Oil traded near the highest close in two days as rising imports by Japan and speculation the Federal Reserve will add stimulus to the U.S. economy countered concern Europe’s debt crisis will derail the global recovery.
Futures were little changed in New York after falling as much as 0.3 percent. Japan’s crude imports gained 7.1 percent in May from a year ago, according to data from the finance ministry. The Fed concludes a two-day meeting in Washington today, while Spain holds a bond auction tomorrow. Oil slid earlier after an industry report showed U.S. crude stockpiles dropped 550,000 barrels. That decline is less than the 1.3 million forecast to be reported by the Energy Department today.
“Oil appears to have found a level which the market collectively on balance thinks is appropriate for current risks in either direction,” said Ric Spooner, a chief market analyst at CMC Markets in Sydney. “The upside is associated with monetary easing but on the other hand, Spanish bonds remain disturbingly high.”
Oil for July delivery, which expires today, was at $83.98 a barrel, down 5 cents, in electronic trading on the New York Mercantile Exchange at 3 p.m. Singapore time. It rose 0.9 percent yesterday to $84.03, the highest close since June 15. The more-actively traded August contract slid 12 cents to $84.23 a barrel. Front-month prices are down 15 percent this year.
Brent oil for August settlement was at $95.53 a barrel, down 23 cents, on the London-based ICE Futures Europe exchange. The front-month price for the European benchmark contract was at a premium to West Texas Intermediate of $11.30, compared with $11.41 yesterday.

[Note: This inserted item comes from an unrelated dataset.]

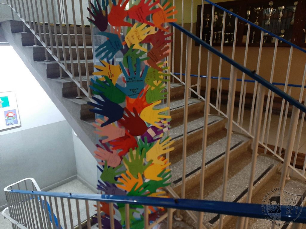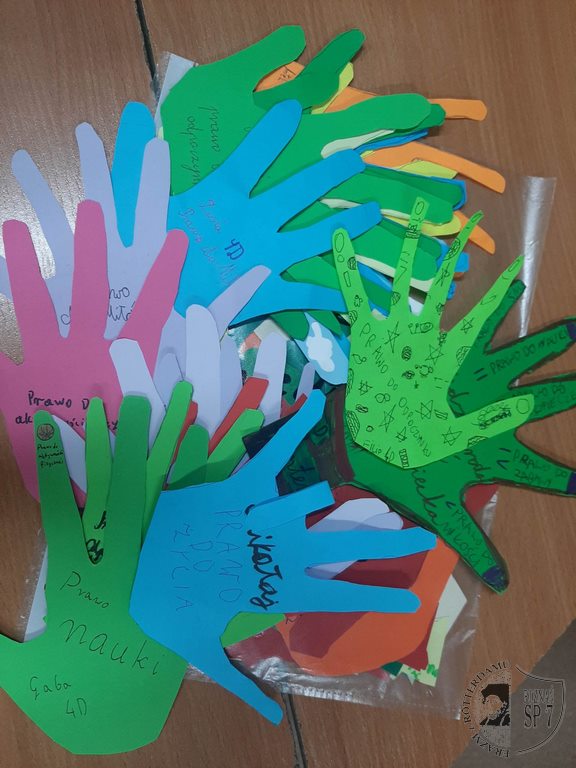 W tym roku to pierwsze święto uczciliśmy stworzeniem własnej formy Konwencji o prawach dziecka. Po omówieniu z wychowawcami praw przysługujących dzieciom wybraliśmy te najważniejsze dla nas i napisaliśmy je na odciskach naszych dłoni. Wszystkie te kolorowe, wycięte z papieru rączki udekorowały naszą szkołę. Konwencja o prawach dziecka uchwalona 20 listopada 1989r. miała formę dokumentu, za to nasza Siódemkowa jest kolorowa i rozciąga się od II pietra do parteru. Przypomina nam każdego dnia, że dzieci mają głos i są ważne.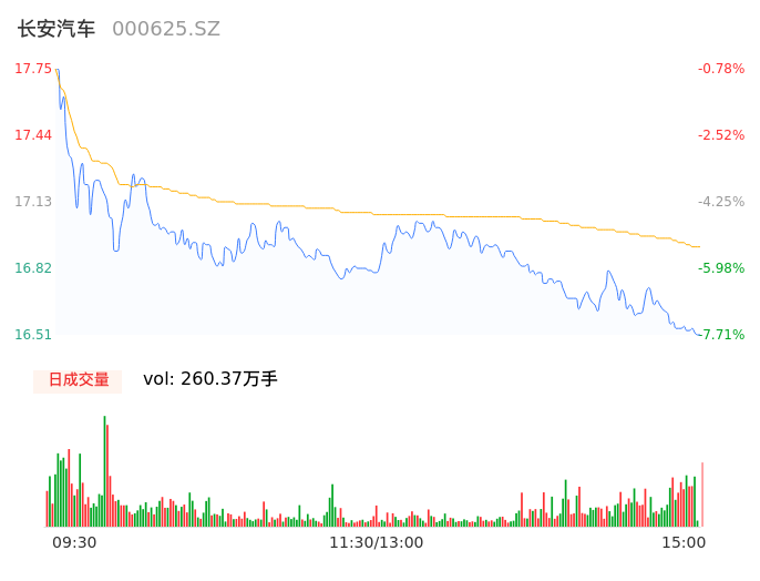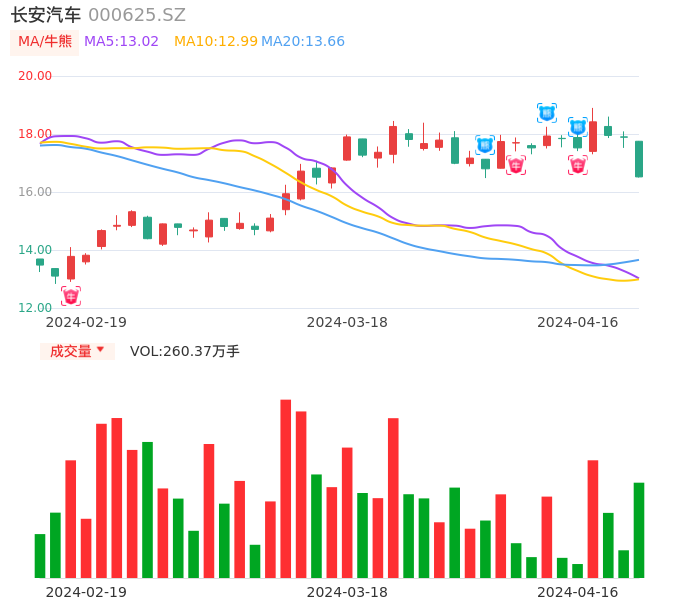 04月16日,长安汽车收报16.52,股价涨幅-7.66%,成交金额44.04亿元,换手率3.17%。

Japan’s imports of crude last month rose to 16.6 million kiloliters, or 3.37 million barrels a day, the finance ministry data showed. Utilities increased thermal power generation by 34 percent in May to compensate for a drop in nuclear generation, according to data released June 13 by the Federation of Electric Power Companies of Japan.
The U.S. central bank is forecast to announce added stimulus measures as soon as this week’s meeting, according to 12 of the 21 primary dealers who trade with the Fed.
Spain is scheduled to sell debt tomorrow maturing in 2014, 2015 and 2017. Yields on the nation’s 10-year government debt increased to 7.29 percent on June 18, the highest level since the euro was introduced in 1999. While they eased yesterday, they remained above the 7 percent level that pushed Greece, Ireland and Portugal to seek rescue packages.
“My sense of the market is that it will remain volatile,” said Diego Parrilla, the chief investment officer of Singapore- based NARECO Advisors, a commodity asset manager. “The macro situation and Europe won’t be resolved any time soon. It’s quite possible for WTI to go down to $70 to $75 a barrel in the next few months.”
Crude stockpiles at Cushing, Oklahoma, the delivery point for New York futures, rose 625,000 barrels to a record last week, data from the American Petroleum Institute showed. Gasoline inventories increased 1.1 million barrels, compared with a forecast gain of 1 million barrels in today’s government report, according to the median estimate of 11 analysts in a Bloomberg News survey. Distillate supplies, a category that includes heating oil and diesel, slid 269,000 barrels compared with a projected 1 million rise.
The API collects stockpile information on a voluntary basis from operators of refineries, bulk terminals and pipelines. The government requires that reports be filed with the Energy Department for its weekly survey.
Iran and world powers failed to reach a breakthrough after two days of talks in Moscow aimed at alleviating the threat of military action against the second-biggest oil producer in the Organization of Petroleum Exporting Countries.
Western powers contend Iran is hiding a nuclear-weapons program, and the U.S. and Israel have declined to discount the possibility of strikes against atomic installations.
“It’s obviously difficult to get the ramifications of the Iran talks, but certainly these things alter the risk-profit profile of traders,” said Mark Keenan, the chief investment officer of Cubit Asset Management Pte in Singapore. “When you have that risk in the market, people might be willing to hold on to a losing long position a little bit more than a losing short position, because they do have that extra stabilizer to the upside.”